Сначала Логос не имел самостоятельного личного бытия и существовал в Боге лишь как
Его «Смысл»; лишь при сотворении мира этот «Смысл» стал «Словом».
В целом, учитывая уровень троичного богословия того времени, у Тертуллиана мы
находим вполне здравое понимание св. Троицы. То же самое можно сказать и о
его христологии (учении о Христе).

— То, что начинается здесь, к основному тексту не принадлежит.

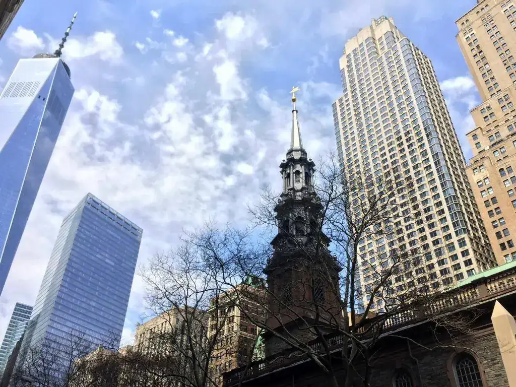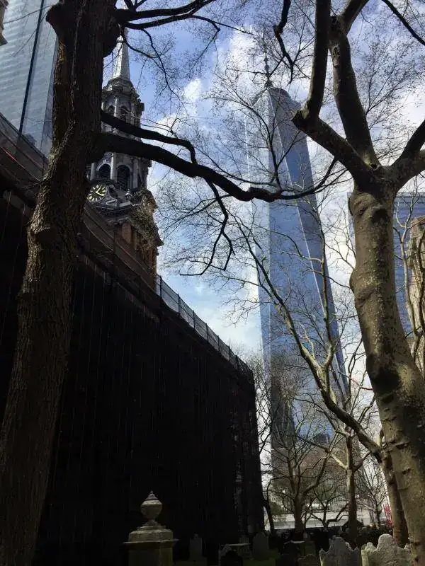 Pero sigo con los relojes: siguiendo Broadway se encuentra la capilla de San Pablo, que pertenece a la Trinity Church de Wall Street. Con estas vistas, admito que el reloj es casi lo de menos.

Иногда его описание Христа почти что совпадает с
халкидонским вероопределением: «...в Иисусе Христе соединились Бог и человек, ... Бог
жил среди людей как человек, чтобы человек научился жить божественной жизнью» и т.п.
Иногда Тертуллиан говорит, что «Бог был распят на Кресте», но тут же оговаривается, что
следует избегать учения, будто бы «Отец страдал вместе с Сыном». Все это изложено не
вполне ясно, но, учитывая бедность богословского словаря во втором веке, следует
признать, что богословие Тертуллиана было удивительно ортодоксальным.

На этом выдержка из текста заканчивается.